Monday, November 2, 2009

Find and sort acronyms for Microsoft Word document automatically.

We guys work on Information Technology. I always have too many acronyms to deal with when I create a document.  There are many solutions of adding acronym to a word document, such as add as a Bookmark or Hyperlink. But most of them require the author to go through the document and mark all the acronyms manually, which I don’t like.

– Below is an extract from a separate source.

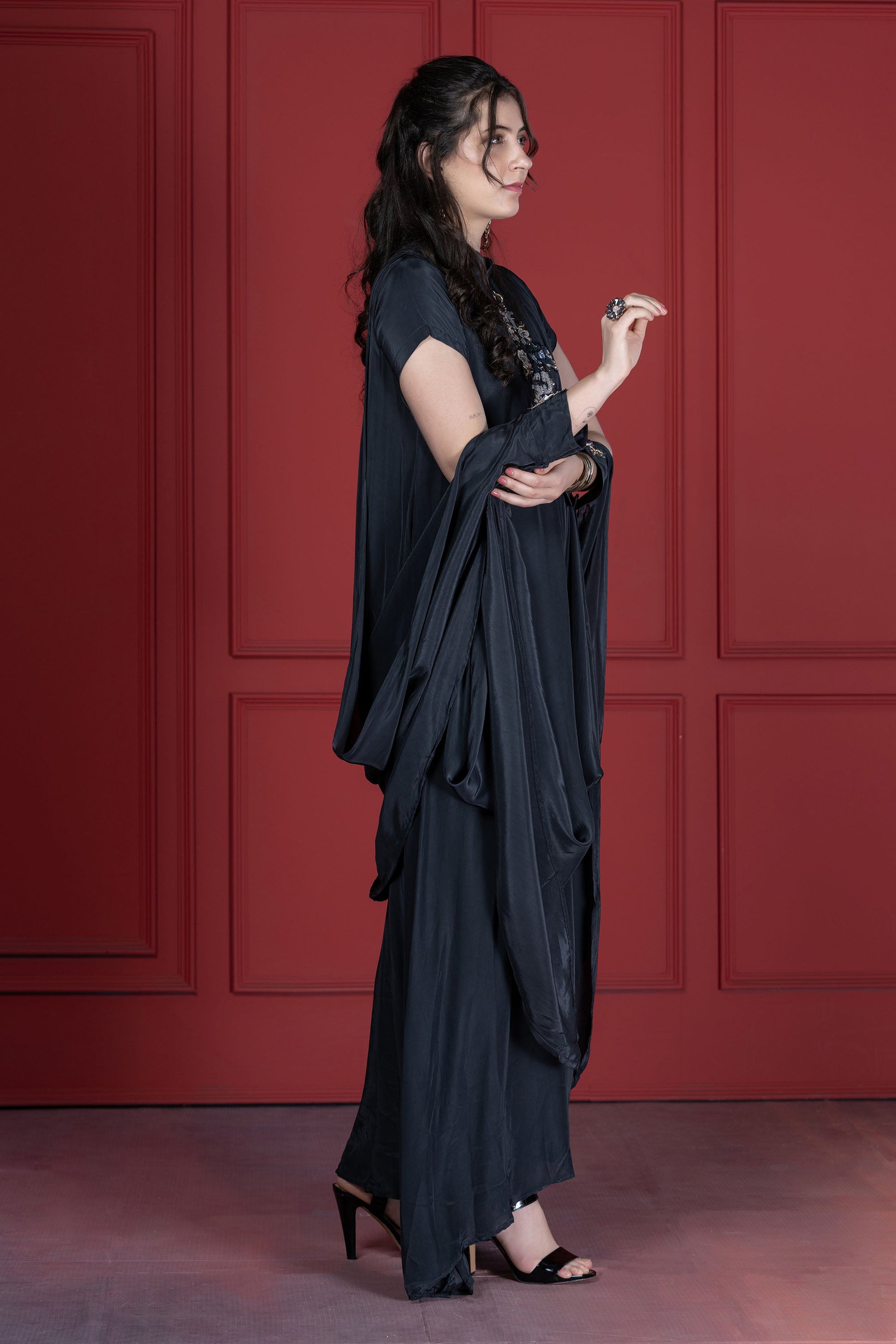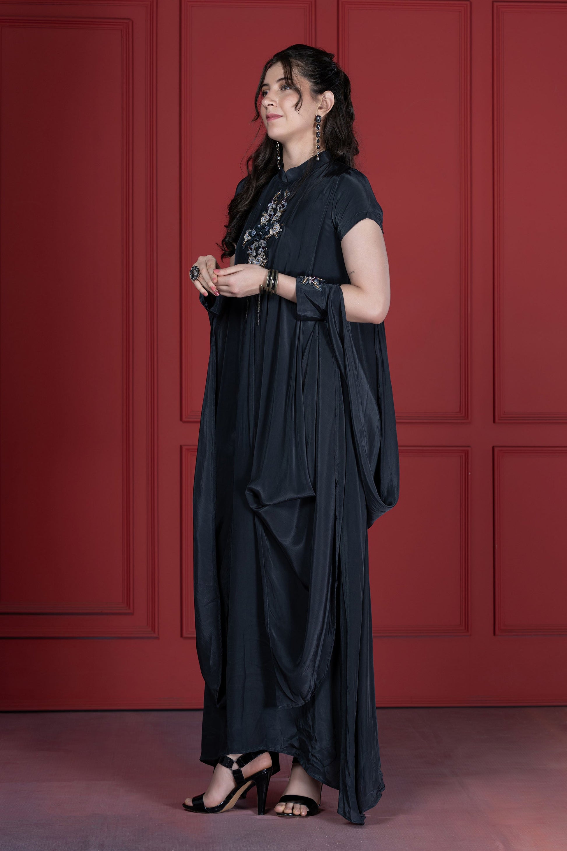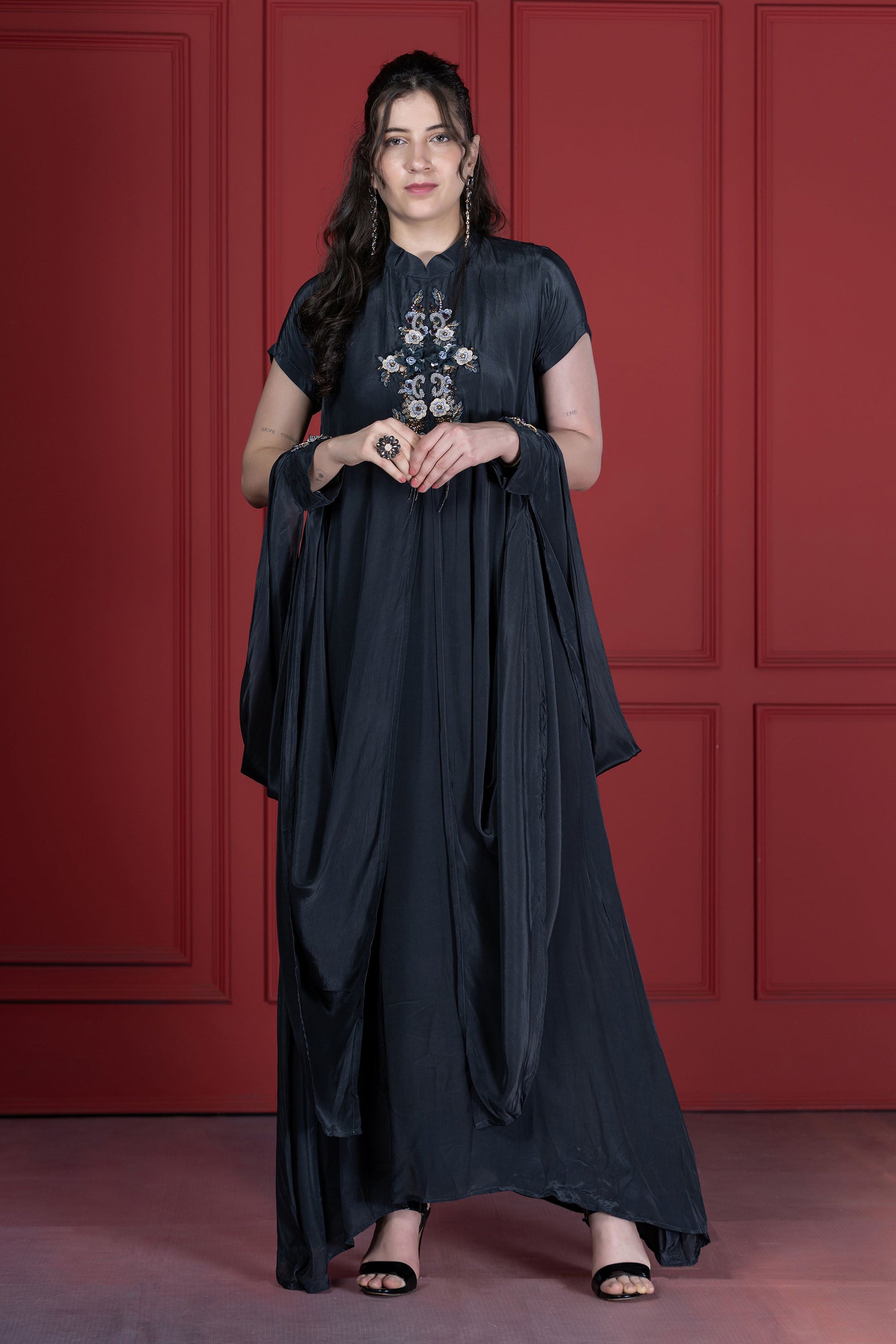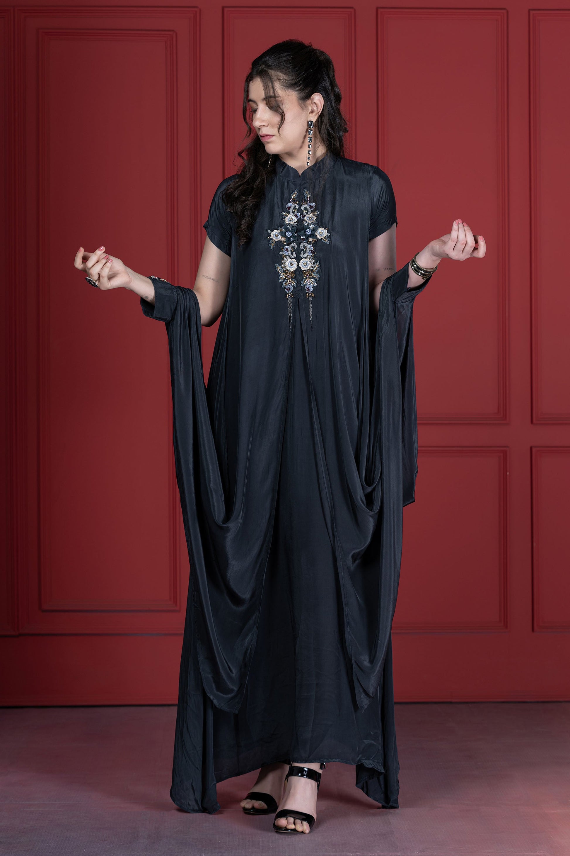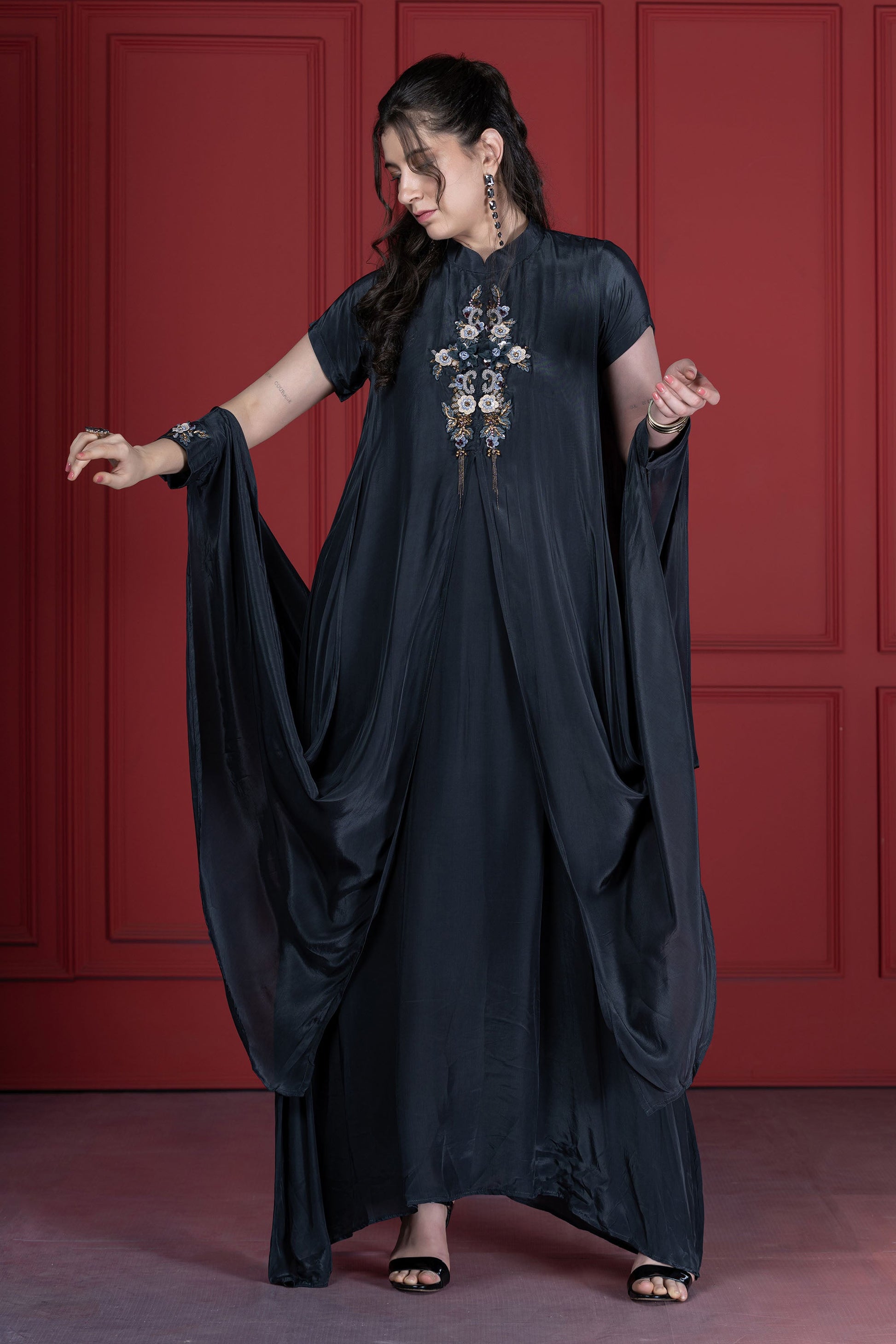 The most notable feature is the ultra-long sleeves or they may cinch at the wrists to resemble handcuffs,adding a unique element to the design.The length, combined with the oversided sleeves created enlongated look of the tunic.These 3d flower work changes the whole outfit look.

This script searches through your word document and find all Words >= 3 (configurable) alphabets in Uppercase, then remove duplicate entries and sort by alphabetical order.  This is exactly what I need.  If  you want to try, click Tools->macros->Visual Basic Editor, copy-paste the code below and execute it. There you go!

 

Sub ExtractAcronymsToANewDocument()

Dim oDoc_Source As Document
Dim oDoc_Target As Document
Dim strListSep  As String
Dim strAcronym  As String
Dim oTable      As Table
Dim oRange      As Range

Dim n As Long
Dim strAllFound As String
'use to keep track of founded. Find the list separator from international settings
'In some countries it is comma, in other semicolon

strListSep = Application.International(wdListSeparator)
strAllFound = "#"

Set oDoc_Source = ActiveDocument
'Create new document for acronyms
Set oDoc_Target = Documents.Add

With oDoc_Target
'Make sure document is empty
.Range = ""
'Insert a table with room for acronym and definition
Set oTable = .Tables.Add(Range:=.Range, NumRows:=2, NumColumns:=3)
    With oTable
    'Format the table a bit
    'Insert headings
    .Cell(1, 1).Range.Text = "Acronym"
    .Cell(1, 2).Range.Text = "Definition"
    .Cell(1, 3).Range.Text = "Page"
    'Set row as heading row
    .Rows(1).HeadingFormat = True
    .Rows(1).Range.Font.Bold = True
    .PreferredWidthType = wdPreferredWidthPercent
    .Columns(1).PreferredWidth = 20
    .Columns(2).PreferredWidth = 70
    .Columns(3).PreferredWidth = 10
    End With
End With

With oDoc_Source
Set oRange = .Range
n = 1 'used to count below

    With oRange.Find
    .Text = "<[A-Z]{3" & strListSep & "}>"
    .Forward = True
    .Wrap = wdFindStop
    .Format = False
    .MatchCase = True
    .MatchWildcards = True
    Do While .Execute
    'Continue while found
    strAcronym = oRange
    'Insert in target doc
    'If strAcronym is already in strAllFound, do not add again
    If InStr(1, strAllFound, "#" & strAcronym & "#") = 0 Then
        'Add new row in table from second acronym
        If n > 1 Then oTable.Rows.Add
        'Was not found before
        strAllFound = strAllFound & strAcronym & "#"
        'Insert in column 1 in oTable
        'Compensate for heading row
        With oTable
        .Cell(n + 1, 1).Range.Text = strAcronym
        'Insert page number in column 3
        .Cell(n + 1, 3).Range.Text = oRange.Information(wdActiveEndPageNumber)
        End With
        n = n + 1
        End If
        'If acronym
    Loop
    End With
End With

'Sort the acronyms alphabetically
With Selection
    .Sort ExcludeHeader:=True, FieldNumber:="Column 1", SortFieldType _
    :=wdSortFieldAlphanumeric, SortOrder:=wdSortOrderAscending
    .HomeKey (wdStory)
End With

'Clean up
Set oDoc_Source = Nothing
Set oDoc_Target = Nothing
Set oTable = Nothing
MsgBox "Finished extracting " & n - 1 & " acronymn(s) to a new document."

End Sub